I’ve encountered a very interesting problem today, the mystery of the missing byte. It all began when one of tests starting failing on my development machine after I got latest from repository. The problem revolves around saving a checksum (byte array) to a varbinary column on SQL Server 2005. The checksum that was generated in code (which is unique for each machine) has a trailing byte of zero in the byte array, and after being saved to SQL Server, the zero byte is missing!!!!!
It was doing my head in, I went through the code and database creation scripts, and finally managed to find the problem. Apparently in the database scripts, there was a line ‘SET ANSI_PADDING OFF‘. This tells SQL Server to truncate off trailing zeros for varbinary and trailing spaces for varchar types.

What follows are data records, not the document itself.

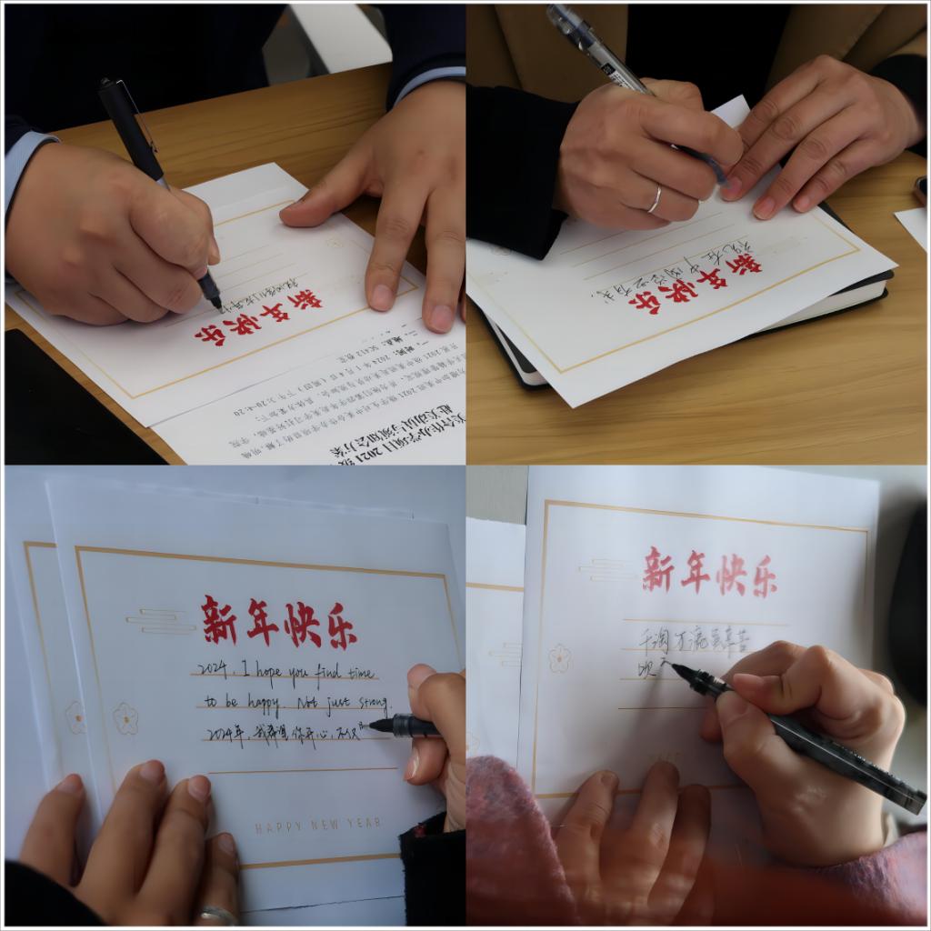 茶话会尾声,国际员工们收到了一份特别的礼物,他们收到了由公司领导、国贸专业老师、国合处老师亲笔书写的祝福“红包”。这份礼物不仅代表了公司对国际员工的关爱,也寓意着新的一年,他们能够龙腾虎跃、学业有成。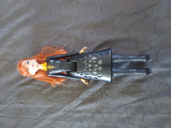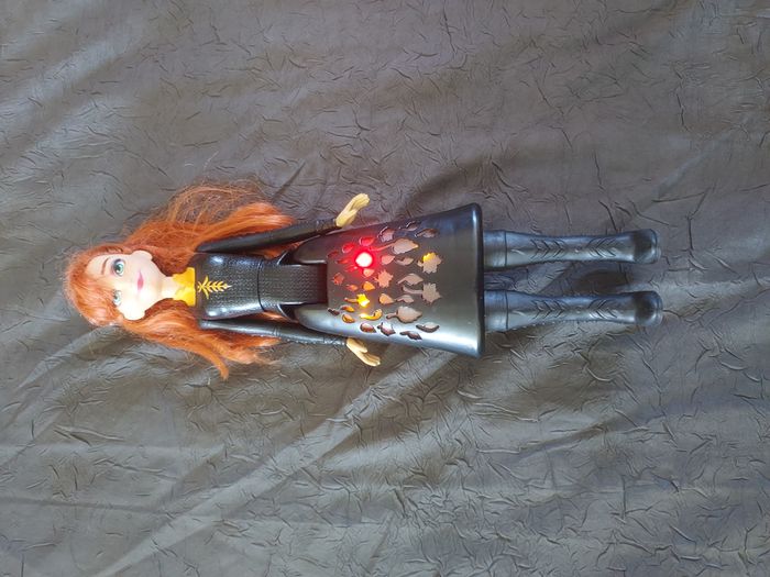 Poupée Anna de la Reine des Neiges électronique. La partie basse s'allume quand on bouge le bras. Bon état mais présence de cheveux coincés dans le bras (mais ne gêne pas le fonctionnement).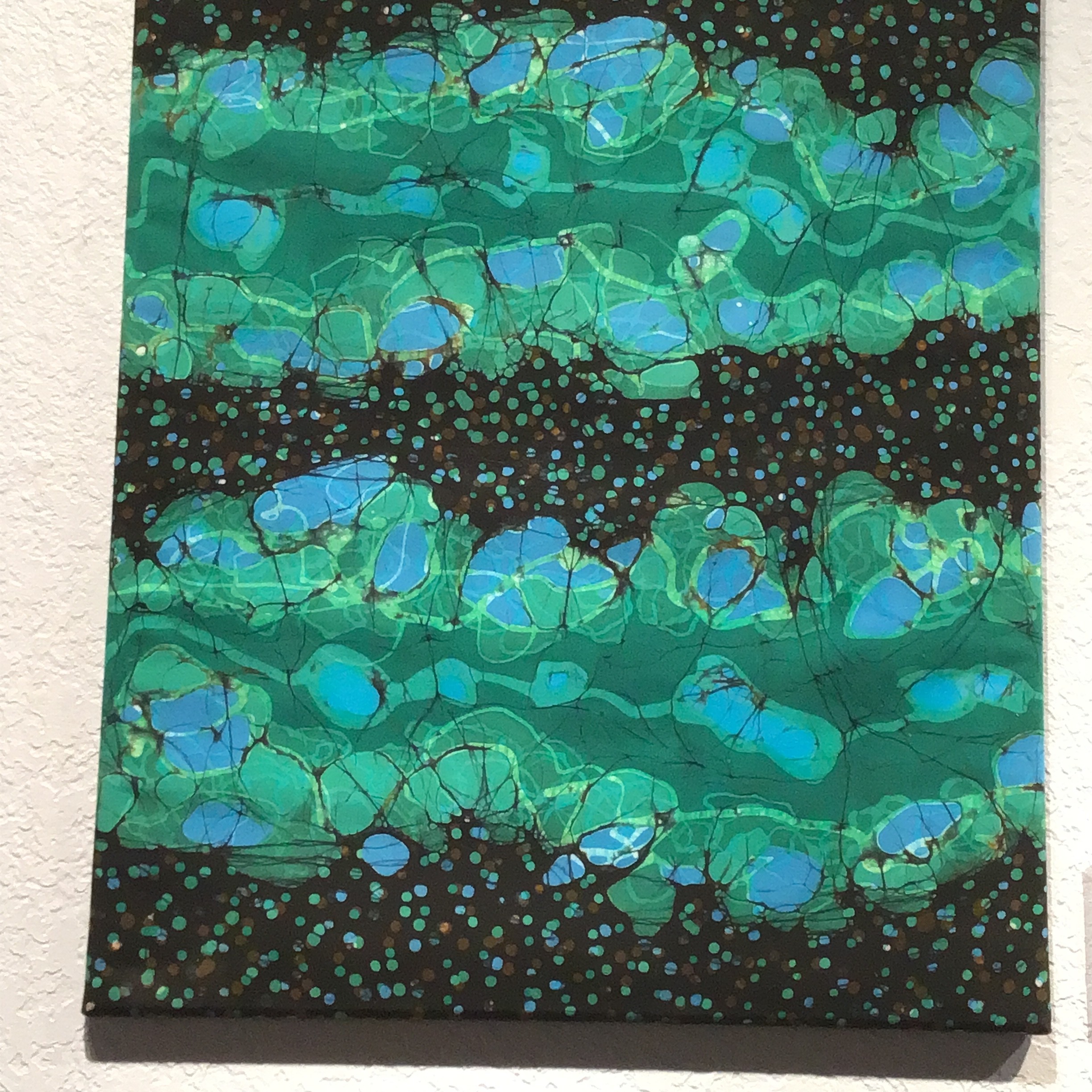 Reed, who has experimented in batiks for 50 years, decided to “let the wax and dyes do the creating and wait until I iron all the wax out to name them.” Nexus was displayed at the 2021 Florida State Fair and was among my favorite fiber works exhibited.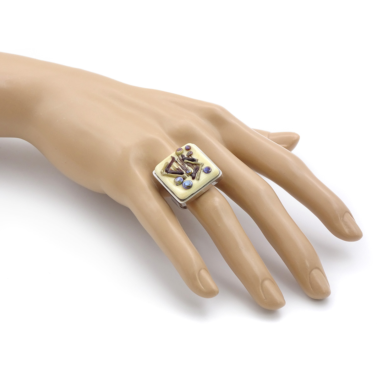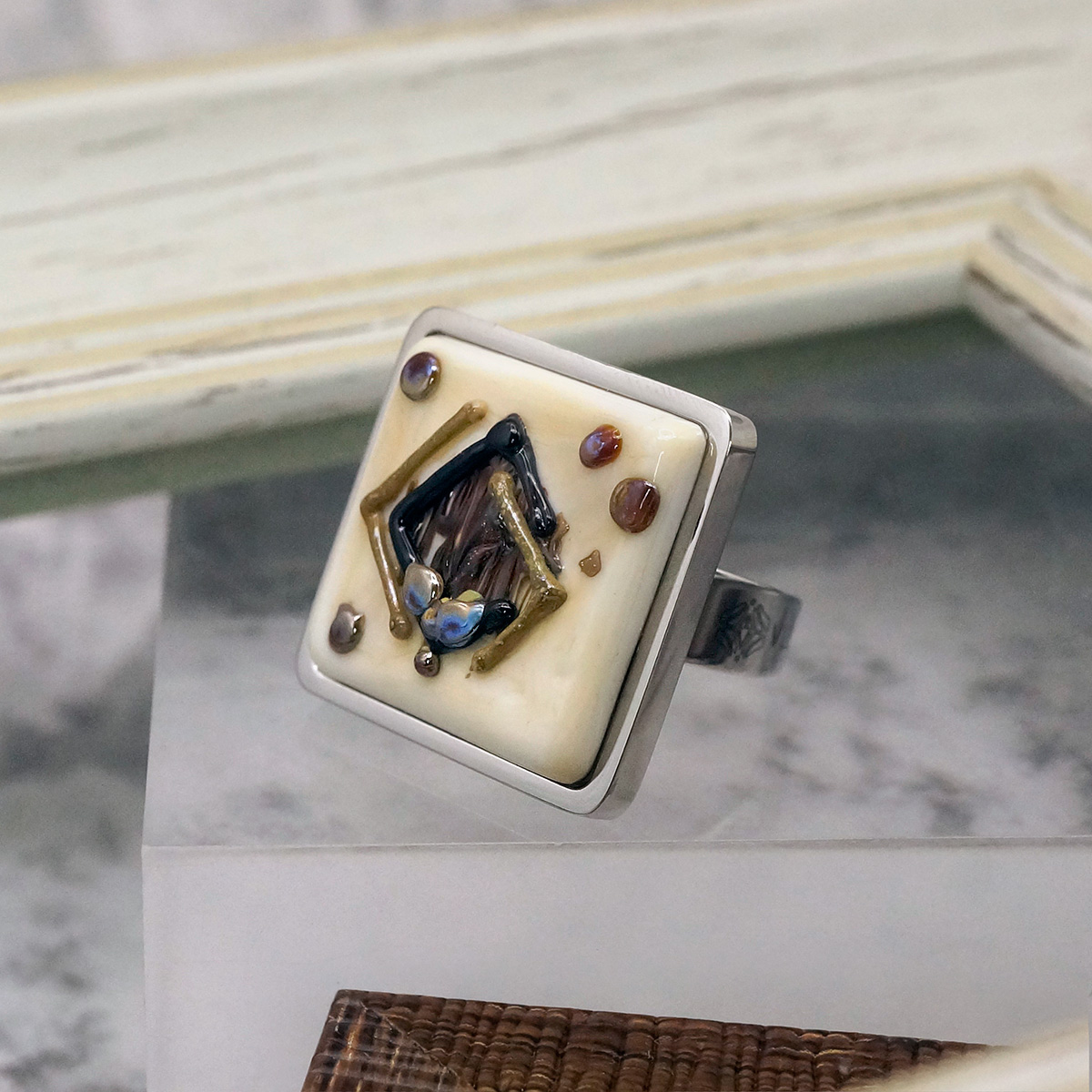Кольцо изготовлено из муранского стекла и гипоаллергенной ювелирной стали, что очень важно для людей с чувствительной кожей. Металл не темнеет и не подвергается воздействиям окружающей среды, надолго обеспечивая красивый внешний вид изделия. Размер стеклянного элемента - 2*2 см. Кольцо безразмерное, регулируется с 16 до 19 размера. Вес - 11 гр.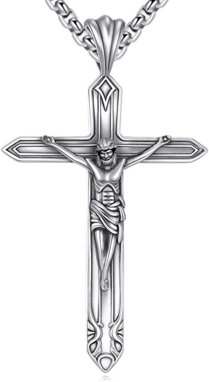 Jesus Cross Necklace for Men 925 Sterling Silver Crucifix Necklace Protection Am…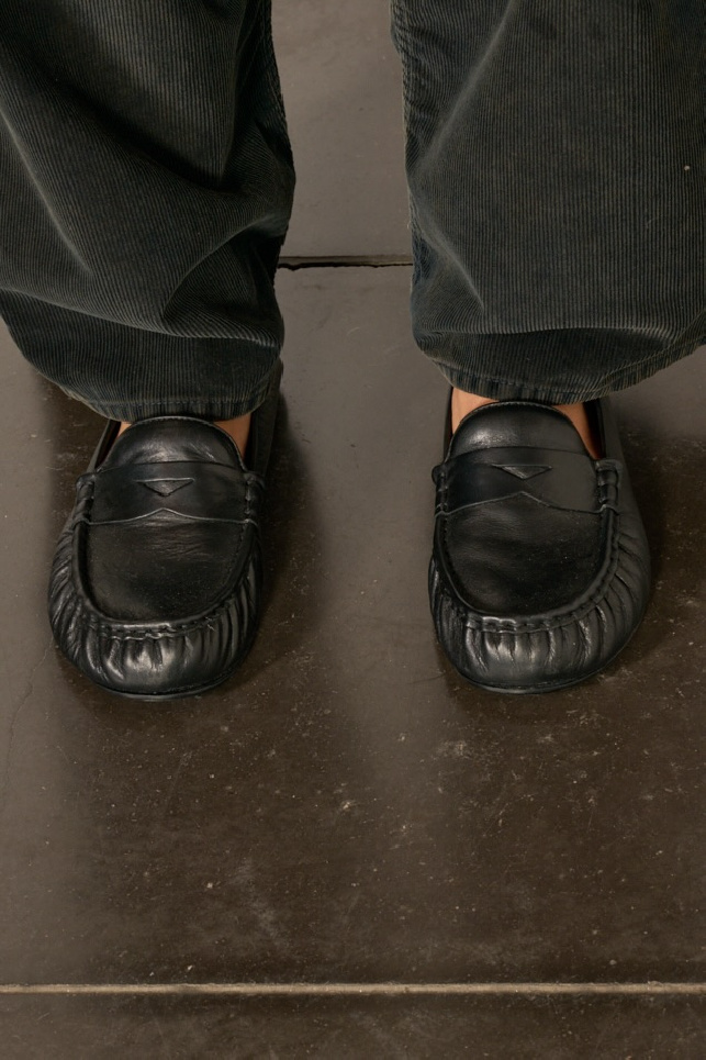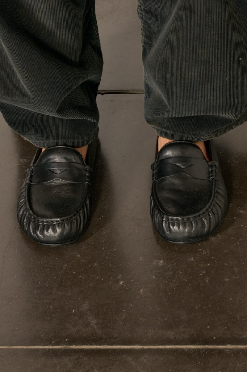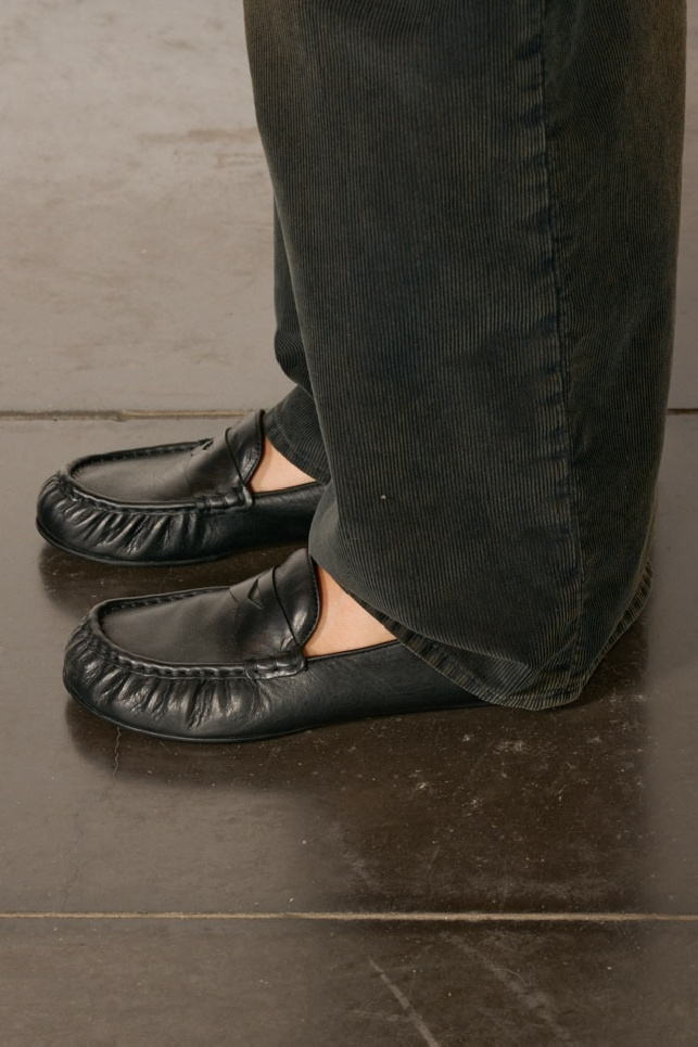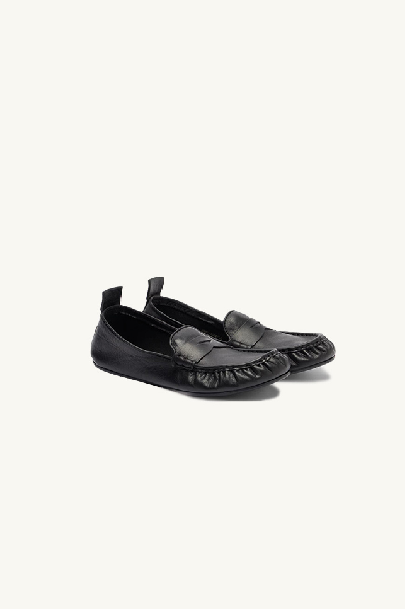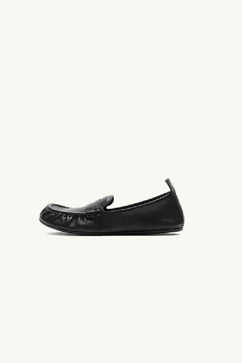 Mocassins en cuir de veau huilé et souple noir, de la marque Acne Studios.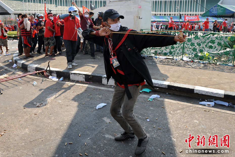 4月10日,泰國軍隊在首都曼谷對支持前總理他信的“紅衫軍”進行武力驅散,雙方爆發(fā)嚴重沖突,目前已造成18人死亡,數(shù)百人受傷。圖片來源:中國新聞網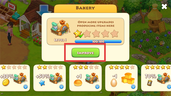 2、在面包房升级界面,点击【IMPROVE】按钮,提升面包房等级,解锁更多生产升级选项。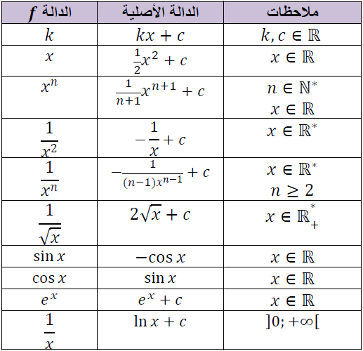 2 الدالة الأصلیة لدالة التي تنعدم من أجل قیمة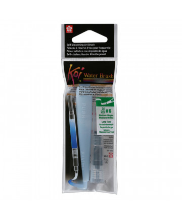 - This 12-half pan water color set is packed in a plastic pocket box which also includes a round synthetic hair brush (size 6) and a mixing tray.

This setting takes into effect during table creation, so whatever you specified stays in effect after. In order to change “setting” for that table, you have to drop the table and re-create it with new setting, like so..
DROP TABLE T1; SET ANSI_PADDING ON; GO CREATE TABLE Table1 -- and so on SET ANSI_PADDING OFF; GO
MSDN has recommended that you leave the setting to ON, and for very good reason. I doubt you would want things to auto-magically disappear or be modified without your knowledge, but should be should be made explicit and known. It would have saved me hours of troubleshooting, and I hope it will save hours for you too! Please see the ANSI_PADDING MSDN page for more info.